While the input field schema 116 and the XDM schema 118 are illustrated in FIG. 1 as residing on the computing device 102, it is understood that the either or both of the input field schema 116 and the XDM schema 118 may reside on other computing devices such as computing device 111. For instance, the mapping module 114 may receive input fields to map to XDM fields from the input field schema 116, whether the input fields are resident on the computing device 102 or on a different computing device, such as computing device 111. Similarly, the mapping module 114 may provide any mapping output for display and/or storage on the computing device 102 and/or on other computing device 111.


Also, while only one input field schema 116 is illustrated in FIG. 1, it is understood that the mapping module 114 can map input fields from multiple different schemas to XDM schema 118. The mapping module 114 may process and automatically map fields from different schema to XDM such that similar fields from different schema are standardized.


Referring also to FIG. 2, the mapping module 114 architecture is illustrated in more detail. The architecture of the mapping module 114 may be broken up into multiple phases. FIG. 2 illustrates the different phases through the use of a horizontal, broken line. The three phase neural network architecture disclosed herein enables transformation of text data into a multi-tiered XDM hierarchy. In contrast to previous mappings which could only address a top level XDM transformation, the system and techniques create a new architecture that first maps input fields to XDM fields, but then predicts a similarity score for the mapped XDMs, and then calculates the overall probability of a match to predict the fields in the hierarchy. In a first phase, the mapping module includes an unsupervised learning algorithm 204. The unsupervised learning algorithm 204 receives an input field 202 from a first data schema such as the input field schema 116. The unsupervised learning algorithm 204 also receives multiple single level XDM fields 203. The unsupervised learning algorithm 204 processes the input field 202 and obtains and outputs a sequence of vectors representing the input field 206 and a sequence of vectors representing multiple single level XDM fields 208. The input field 202 includes each word in the name and description of the input field. The unsupervised learning algorithm 204 obtains vector representations each word in the name and the description of the input field 202. If the input field 202 does not include a name, then the unsupervised learning algorithm 204 uses just the words in the description of the input field 202. Similarly, if the input field 202 does not include a description, then the unsupervised learning algorithm 204 uses just the words in the name of the input field 202. When the input field 202 includes both a name and a description, then the unsupervised learning algorithm 204 uses the words from both the name and the description of the input field 202.
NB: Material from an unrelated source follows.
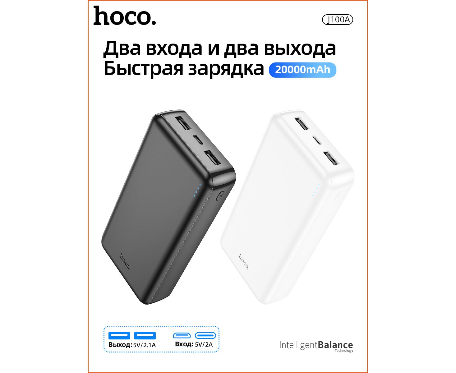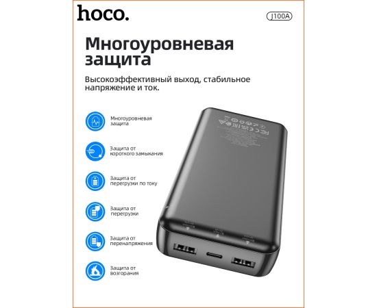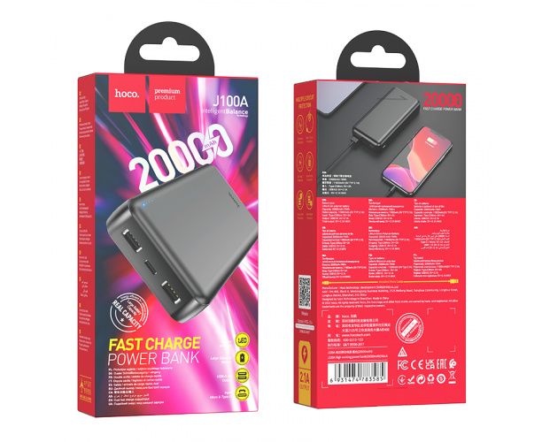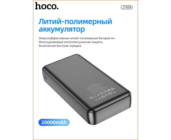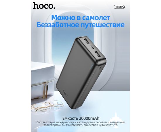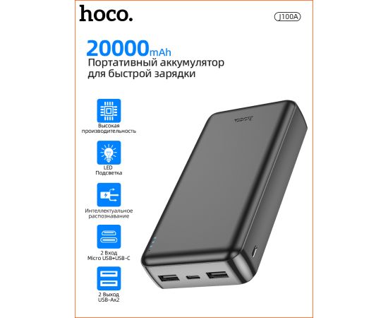 Аккумулятор внешний резервный HOCO J100А High-ranking 20000 mAh (чёрный)

As mentioned above, one example unsupervised learning algorithm 204 is GloVe. It is understood that other types of unsupervised learning algorithms may be used. The unsupervised learning model 204 (e.g., GloVe model) is trained for learning vector representation of words using a text corpus such as, for example, a publically available text corpus. GloVe is an unsupervised learning algorithm which uses word-word co-occurrence statistics over a large corpus. GloVe is used to represent words as geometric encodings in a vector space by performing dimensionality reduction on the co-occurrence matrix. The vector representation captures the semantics between words as well as the context in which they appear. Since GloVe is an unsupervised algorithm, it provides flexibility in choosing the corpus over which the word vectors are trained. In one implementation, textual data available under a digital marketing category from Wikipedia may be used since names and descriptions of both the input fields and target XDMs comprises of words which are commonly used in the digital marketing domain. This allows for obtaining better word vectors which generalizes well over words commonly used in digital marketing domain. Other text corpus from other domains may be used to train the unsupervised learning algorithm 204.
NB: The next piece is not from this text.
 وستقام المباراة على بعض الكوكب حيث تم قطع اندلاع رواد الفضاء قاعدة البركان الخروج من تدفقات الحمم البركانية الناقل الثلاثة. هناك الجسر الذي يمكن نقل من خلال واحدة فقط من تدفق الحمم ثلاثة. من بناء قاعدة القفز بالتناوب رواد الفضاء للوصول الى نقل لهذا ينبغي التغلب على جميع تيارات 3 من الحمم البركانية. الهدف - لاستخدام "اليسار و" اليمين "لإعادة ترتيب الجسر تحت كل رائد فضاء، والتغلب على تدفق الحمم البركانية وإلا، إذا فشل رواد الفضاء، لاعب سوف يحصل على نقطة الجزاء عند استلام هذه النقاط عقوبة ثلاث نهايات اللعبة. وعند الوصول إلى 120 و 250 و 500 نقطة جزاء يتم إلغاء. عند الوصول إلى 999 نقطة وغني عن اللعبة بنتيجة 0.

The unsupervised learning algorithm module 204 is then used for obtaining the sequence of vectors representing the input field 206, which are vector representations of words appearing in the input field. The sequence of vectors representing the input field 206 are then composed in the next phase to obtain the representation of the entire input field. Likewise, the unsupervised learning algorithm module 204 is used for obtaining a sequence of vectors representing single level XDMs 208, where a single vector is obtained for each single level XDM. These vectors are then used to obtain a similarity score between the input field and single level XDMs in the next phase.


In the next phase, the mapping module 114 includes an LSTM model 210, a concatenation module 212 and a neural network layer 214. The combination of the LSTM model 210, the concatenation module 212 and the neural network layer 214 may be referred to as the field similarity network. The combination of the LSTM model 210, the concatenation module 212 and the neural network layer 214 take as input the sequence of vectors representing the input field 206 and the sequence of vectors representing the single level XDMs 208 and output a similarity score output 216.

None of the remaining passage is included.